The second surprise was that chef Motto wasn't even in the house on this night. Our entire meal was prepared by Sous Chef Josef Dugolenski, who can really throw down. I am of the firm belief that a great chef doesn't need to be in the kitchen for that kitchen to turn out truly representative food. A great chef is a leader whose team can complete their mission with or without him or her. This is certainly the case at Quince, especially, it seems, with Mr.
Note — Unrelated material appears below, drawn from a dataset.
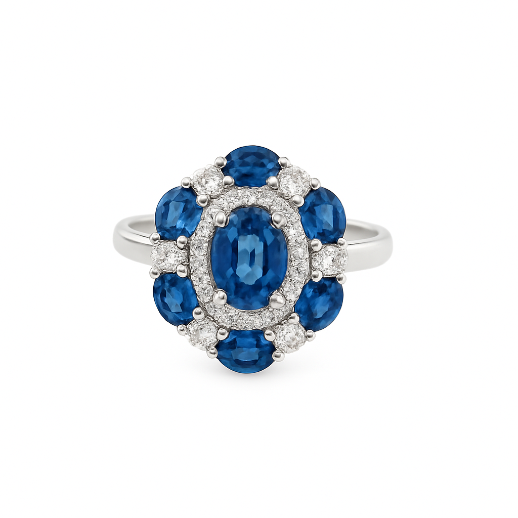 A vibrant oval cut sapphire garnishes this classic September birthstone ring. Nestled within a halo of dazzling pave diamonds, it lends a pretty pop of color and dash of sparkle to any ensemble.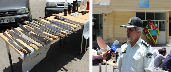 این مقام مسئول عنوان داشت: در بازرسی از مخفیگاه افراد دستگیر شده بیش از 100 قبضه سلاح سرد شامل قمه ، قداره، شمشیر، زنجیر و چاقوهای نامتعارف و مقادیری مواد مخدر به همراه آلات و ادوات مصرف این مواد کشف شد.

Dugolenski in the kitchen. Now clearly, many of the dishes we enjoyed were of chef Motto's creation but the execution of those dishes -- and the improvisations on them -- were all from the hand and mind of Mr. Dogulenski, and I'm delighted to have experienced his imagination so intimately and intensely on this particular night.
It had been a while since I'd been to Quince. The friend with whom I shared this meal had told me in advance that Quince was really doing some great things these days. He couldn't have been more accurate and I look forward to getting back there asap.